== Exercise details ==
Your answer must consist only of the lines from the start of the entries through the line that holds "Lúc 19 giờ thứ", copied exactly, with no pictures.
◇ ◇ ◇ ◇
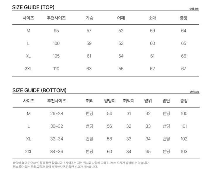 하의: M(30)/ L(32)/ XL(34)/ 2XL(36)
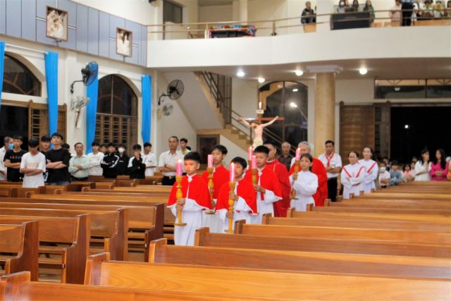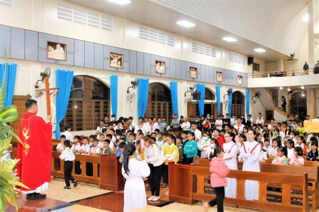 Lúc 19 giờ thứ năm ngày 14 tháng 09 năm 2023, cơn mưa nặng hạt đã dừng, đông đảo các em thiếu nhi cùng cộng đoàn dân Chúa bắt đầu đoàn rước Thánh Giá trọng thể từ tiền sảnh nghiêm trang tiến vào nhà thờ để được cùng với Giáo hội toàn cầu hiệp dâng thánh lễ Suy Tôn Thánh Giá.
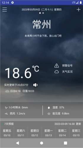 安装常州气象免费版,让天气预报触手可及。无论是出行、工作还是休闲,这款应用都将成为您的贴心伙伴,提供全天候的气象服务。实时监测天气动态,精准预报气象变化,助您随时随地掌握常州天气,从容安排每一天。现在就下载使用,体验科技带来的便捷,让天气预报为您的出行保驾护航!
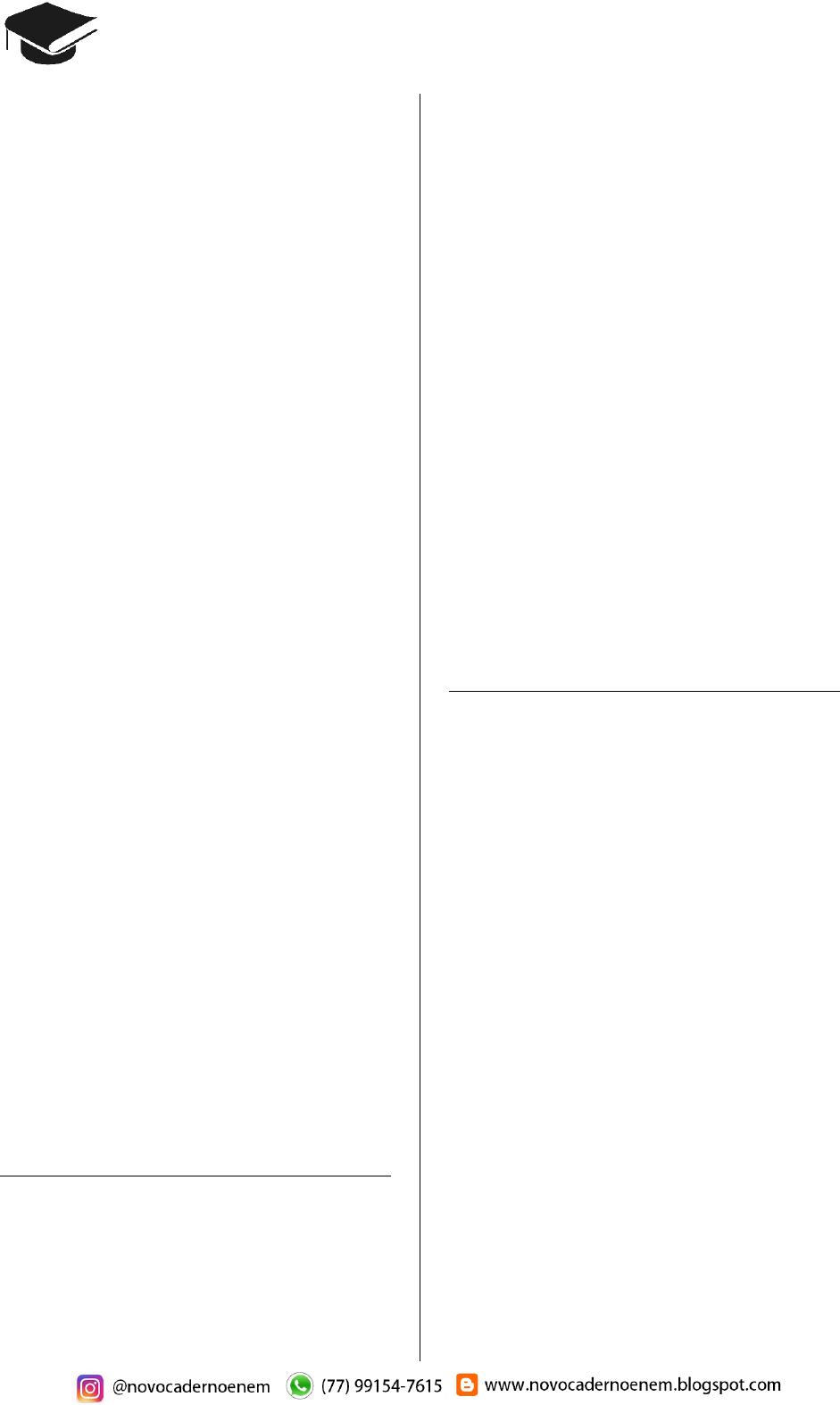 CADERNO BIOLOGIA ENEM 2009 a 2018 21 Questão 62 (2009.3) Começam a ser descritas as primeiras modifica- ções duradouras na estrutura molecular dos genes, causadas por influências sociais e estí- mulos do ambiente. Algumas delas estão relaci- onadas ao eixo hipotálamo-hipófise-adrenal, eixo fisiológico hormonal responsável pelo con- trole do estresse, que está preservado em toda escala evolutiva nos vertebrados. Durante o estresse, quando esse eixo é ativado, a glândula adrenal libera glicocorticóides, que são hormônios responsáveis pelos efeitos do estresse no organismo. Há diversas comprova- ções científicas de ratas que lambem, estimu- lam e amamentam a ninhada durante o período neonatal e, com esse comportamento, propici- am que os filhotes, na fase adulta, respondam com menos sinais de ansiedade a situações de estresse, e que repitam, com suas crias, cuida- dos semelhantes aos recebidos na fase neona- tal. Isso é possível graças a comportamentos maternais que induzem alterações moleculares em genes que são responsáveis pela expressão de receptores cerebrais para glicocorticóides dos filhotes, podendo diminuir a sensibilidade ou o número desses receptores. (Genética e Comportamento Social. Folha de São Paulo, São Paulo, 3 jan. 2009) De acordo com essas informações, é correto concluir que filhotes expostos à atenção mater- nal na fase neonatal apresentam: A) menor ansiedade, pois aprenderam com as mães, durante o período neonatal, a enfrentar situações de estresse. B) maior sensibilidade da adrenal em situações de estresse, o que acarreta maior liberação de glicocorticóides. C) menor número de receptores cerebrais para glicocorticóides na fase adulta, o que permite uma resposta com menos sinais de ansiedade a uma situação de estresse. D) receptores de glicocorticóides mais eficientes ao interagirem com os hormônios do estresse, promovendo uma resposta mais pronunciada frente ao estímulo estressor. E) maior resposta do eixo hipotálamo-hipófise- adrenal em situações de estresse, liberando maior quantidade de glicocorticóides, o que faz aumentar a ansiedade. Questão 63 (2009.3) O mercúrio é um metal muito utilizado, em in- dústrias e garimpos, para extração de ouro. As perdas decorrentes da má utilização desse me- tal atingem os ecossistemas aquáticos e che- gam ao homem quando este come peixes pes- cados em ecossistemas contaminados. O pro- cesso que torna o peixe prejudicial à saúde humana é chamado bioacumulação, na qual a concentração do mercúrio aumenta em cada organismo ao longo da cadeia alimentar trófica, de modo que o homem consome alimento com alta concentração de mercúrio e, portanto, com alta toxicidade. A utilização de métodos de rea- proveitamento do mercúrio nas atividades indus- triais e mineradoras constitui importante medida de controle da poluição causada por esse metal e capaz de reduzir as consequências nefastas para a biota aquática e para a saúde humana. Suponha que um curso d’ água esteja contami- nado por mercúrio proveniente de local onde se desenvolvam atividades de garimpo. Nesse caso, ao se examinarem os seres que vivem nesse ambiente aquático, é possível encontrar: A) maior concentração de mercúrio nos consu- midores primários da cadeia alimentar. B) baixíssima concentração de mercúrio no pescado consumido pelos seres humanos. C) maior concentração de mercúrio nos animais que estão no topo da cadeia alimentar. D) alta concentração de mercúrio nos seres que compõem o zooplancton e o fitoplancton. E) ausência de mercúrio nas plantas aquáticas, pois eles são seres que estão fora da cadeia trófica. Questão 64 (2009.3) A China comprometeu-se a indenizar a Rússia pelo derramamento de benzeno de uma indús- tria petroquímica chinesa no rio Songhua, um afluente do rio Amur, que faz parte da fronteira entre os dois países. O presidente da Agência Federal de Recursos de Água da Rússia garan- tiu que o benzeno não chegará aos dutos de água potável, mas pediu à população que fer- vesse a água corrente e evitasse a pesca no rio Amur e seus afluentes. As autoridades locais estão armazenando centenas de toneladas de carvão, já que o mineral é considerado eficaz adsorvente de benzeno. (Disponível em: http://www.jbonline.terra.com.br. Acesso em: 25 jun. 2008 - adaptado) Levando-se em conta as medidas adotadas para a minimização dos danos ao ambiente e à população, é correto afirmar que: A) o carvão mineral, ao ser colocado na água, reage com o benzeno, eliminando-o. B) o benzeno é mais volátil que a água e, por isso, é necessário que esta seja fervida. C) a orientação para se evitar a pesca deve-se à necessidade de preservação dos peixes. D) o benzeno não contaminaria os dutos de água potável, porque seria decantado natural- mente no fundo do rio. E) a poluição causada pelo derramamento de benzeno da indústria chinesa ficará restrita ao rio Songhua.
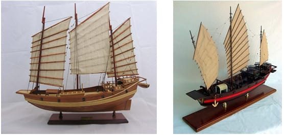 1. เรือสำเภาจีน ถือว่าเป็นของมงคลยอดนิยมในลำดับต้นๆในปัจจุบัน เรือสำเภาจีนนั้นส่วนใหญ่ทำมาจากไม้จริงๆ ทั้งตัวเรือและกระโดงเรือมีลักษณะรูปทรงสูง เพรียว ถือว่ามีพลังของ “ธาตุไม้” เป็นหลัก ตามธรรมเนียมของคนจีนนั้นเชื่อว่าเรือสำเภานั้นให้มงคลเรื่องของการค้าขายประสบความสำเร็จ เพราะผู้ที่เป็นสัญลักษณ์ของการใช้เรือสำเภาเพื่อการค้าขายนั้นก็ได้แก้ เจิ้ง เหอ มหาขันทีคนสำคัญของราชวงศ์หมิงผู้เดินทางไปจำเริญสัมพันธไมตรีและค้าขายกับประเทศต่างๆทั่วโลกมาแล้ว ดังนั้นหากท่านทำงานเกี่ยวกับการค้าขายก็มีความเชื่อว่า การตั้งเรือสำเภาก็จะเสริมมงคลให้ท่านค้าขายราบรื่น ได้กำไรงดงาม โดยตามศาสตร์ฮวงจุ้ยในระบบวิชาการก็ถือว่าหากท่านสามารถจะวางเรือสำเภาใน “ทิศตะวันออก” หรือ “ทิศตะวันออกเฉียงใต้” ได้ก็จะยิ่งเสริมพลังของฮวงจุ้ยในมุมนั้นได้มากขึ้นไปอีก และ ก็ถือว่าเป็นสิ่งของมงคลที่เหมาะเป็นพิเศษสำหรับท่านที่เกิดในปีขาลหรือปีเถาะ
◇ ◇ ◇ ◇
== Answer to this task ==
 하의: M(30)/ L(32)/ XL(34)/ 2XL(36)
 Lúc 19 giờ thứ năm ngày 14 tháng 09 năm 2023, cơn mưa nặng hạt đã dừng, đông đảo các em thiếu nhi cùng cộng đoàn dân Chúa bắt đầu đoàn rước Thánh Giá trọng thể từ tiền sảnh nghiêm trang tiến vào nhà thờ để được cùng với Giáo hội toàn cầu hiệp dâng thánh lễ Suy Tôn Thánh Giá.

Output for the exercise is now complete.